In the past six weeks, fires in the region have produced about 150 megatonnes of carbon dioxide equivalent – close to the 2017 annual fossil fuel emissions of Venezuela, said Mark Parrington, a senior scientist at CAMS.

“We’re still piecing together the information to try and understand what it means for the climate,” he said. “This year we haven’t yet seen so many fires within the Arctic Circle within that region, but just within the last three to four days we’ve started to see a number of hotspots occurring and a lot of smoke,” said Parrington.

The country has struggled under a heatwave that has broken several temperature records in western Russia. Moscow has sweltered through its hottest June day for 120 years after the temperature hit 34.7C.

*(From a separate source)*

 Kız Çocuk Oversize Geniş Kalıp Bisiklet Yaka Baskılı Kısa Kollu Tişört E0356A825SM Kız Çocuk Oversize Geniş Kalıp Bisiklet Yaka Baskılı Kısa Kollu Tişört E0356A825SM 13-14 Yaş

Smoke hangs over the city of Yakutsk, coming from wildfire-hit Gorny and Khangalassky districts.

In Siberia, the city of Yakutsk hit 35C at one point; and the region’s city of Verkhoyansk – seen as one of the coldest places on Earth – saw temperatures of over 30C, the state weather forecast agency said.

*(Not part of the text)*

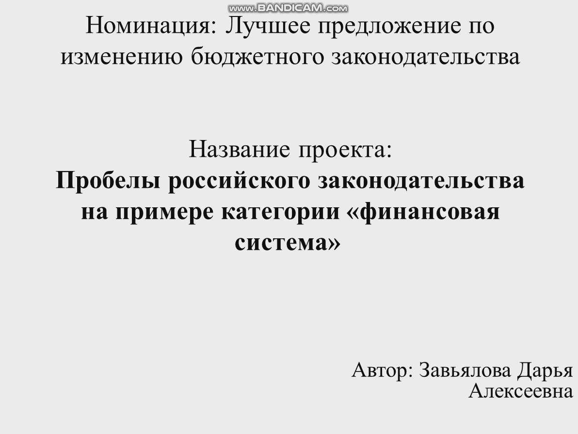 Завьялова, Дарья Алексеевна. Проблемы Российского законодательства на примере категории «финансовая система»[Электронный ресурс.]: 2е место / Финансовый университет. — Электронные данные (1 файл 17 Мб). — Только электронный ресурс;. — Свободный доступ из сети Интернет (чтение, печать, копирование). — <URL:http://elib.fa.ru/STW/2021/konkurs_2021_F14.avi>.Дата создания записи: 01.10.2021 Тематика: РФ; Россия; полный текст; электронные публикации; бюджет; бюджетные расходы; бюджетные средства; бюджетирование; проекты; конкурсы; Представление бюджета для граждан; 2021 г.; местный бюджет; региональный бюджет; бюджетная система; интерактивные методы; муниципальная система; гражданские инициативы Разрешенные действия: Загрузить (17,9 Мб) Группа: Анонимные пользователи Сеть: Интернет |

“The temperature is really high, 8-10 degrees higher than the norm. It’s really unusual for the temperature to be over 30 degrees towards the north,” the agency’s head of science, Roman Vilfand, said at a briefing.

He said the temperature should fall in the coming week with rain also increasing, factors that should slightly reduce the risk of new fires sparking, though they might not stop existing fires spreading.

Similar conditions in parts of Canada and the US Pacific north-west have also lead to wildfires. Nearly 60 wildfires were burning across 10 states in the parched American west on Tuesday, with the largest, in Oregon, consuming an area nearly twice the size of Portland.

“These fires will continue to happen with climate change,” said Andrey Shegolev, head of WWF Russia’s forest programme office, who urged more funding for local firefighting efforts. “The question in this situation is, what to do?”